Os emblemáticos tempos de passagem da década de 60 para os 70 estão na essência da narrativa de Zabriskie Point. Período de lutas pelos direitos civis, emancipação dos negros, contracultura, guerra do Vietnã, movimento hippie, psicodelia e rock, muito rock. O filme de Antonioni já inicia conflagrado, no olho do furacão. Na sequência de abertura, em estilo documental, somos jogados no meio de uma assembleia de universitários no campus discutindo sobre a iminente greve e as ações do grupo no enfrentamento contra a repressão policial. Logo identificamos entre os universitários o protagonista da história. O jovem Mark (Mark Frechette) parece alheio e distante da veemência dos discursos revolucionários de seus colegas. Ao se manifestar em público pela primeira e única vez na reunião revela sua verdadeira natureza de independência. Declara em alto e bom tom: “Estou disposto a morrer (pela causa). Mas não de tédio”. E sai da sala de forma teatral e dramática, para espanto dos estudantes pela clara exibição de individualismo.

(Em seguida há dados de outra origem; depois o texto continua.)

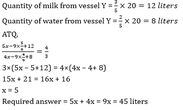 Let the quantity of milk in vessel X be 5x and quantity of water be in vessel X be 4x
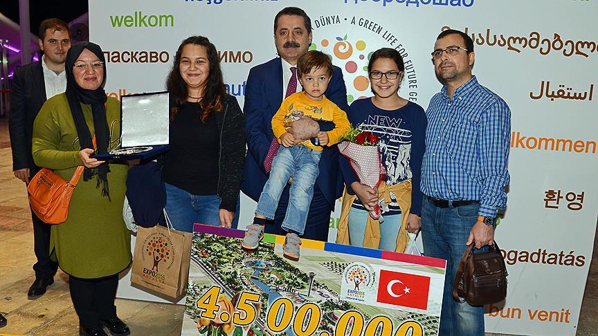 Antalya'daki temaslarını sürdüren Çelik, sergi alanındaki ana giriş kapısında, EXPO 2016 Antalya'yı ziyaret eden 4 milyon 500 bininci kişi olan Bıyıklıoğlu ailesini karşıladı.

Ao participar de um confronto da policia com um grupo de grevistas, Mark é testemunha da morte de um policial de Los Angeles. Por estar portando uma arma, Mark foge do local para não ser acusado de homicídio. Sem destino, sem mapa, sem bússola e sem dinheiro no bolso, decide, num impulso, roubar um pequeno avião e seguir sem rumo em direção ao deserto.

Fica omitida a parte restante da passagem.